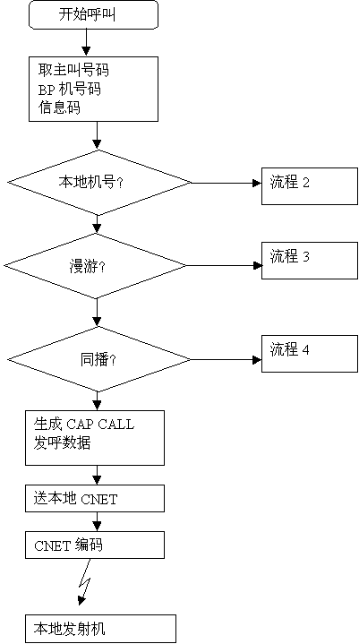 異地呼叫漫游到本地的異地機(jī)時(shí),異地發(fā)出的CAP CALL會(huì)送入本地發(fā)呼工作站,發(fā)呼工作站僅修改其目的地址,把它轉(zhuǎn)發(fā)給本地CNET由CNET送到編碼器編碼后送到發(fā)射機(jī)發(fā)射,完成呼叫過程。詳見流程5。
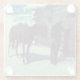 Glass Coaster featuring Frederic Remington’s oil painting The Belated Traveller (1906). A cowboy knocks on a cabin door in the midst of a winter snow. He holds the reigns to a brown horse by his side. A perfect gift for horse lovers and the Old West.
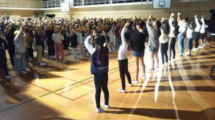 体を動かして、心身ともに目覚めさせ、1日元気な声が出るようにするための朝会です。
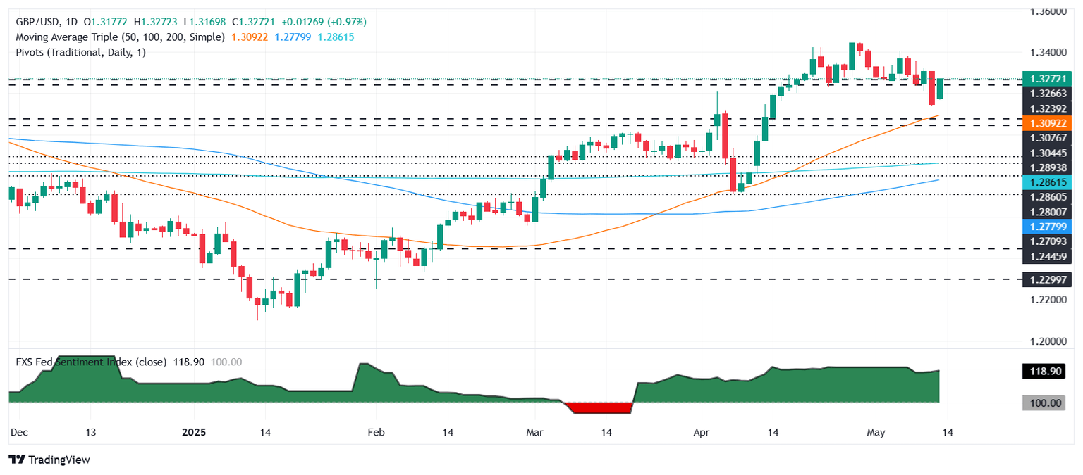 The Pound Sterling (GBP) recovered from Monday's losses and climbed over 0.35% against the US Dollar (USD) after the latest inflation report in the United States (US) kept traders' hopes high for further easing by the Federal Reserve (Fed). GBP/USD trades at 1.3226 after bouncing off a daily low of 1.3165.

########

Work task
Pictures are to be omitted from the copy, and only the lines from the one containing "体を動かして、心身ともに目覚" through the final line of the listing above are to be written out exactly.

Problem solution
 体を動かして、心身ともに目覚めさせ、1日元気な声が出るようにするための朝会です。
 The Pound Sterling (GBP) recovered from Monday's losses and climbed over 0.35% against the US Dollar (USD) after the latest inflation report in the United States (US) kept traders' hopes high for further easing by the Federal Reserve (Fed). GBP/USD trades at 1.3226 after bouncing off a daily low of 1.3165.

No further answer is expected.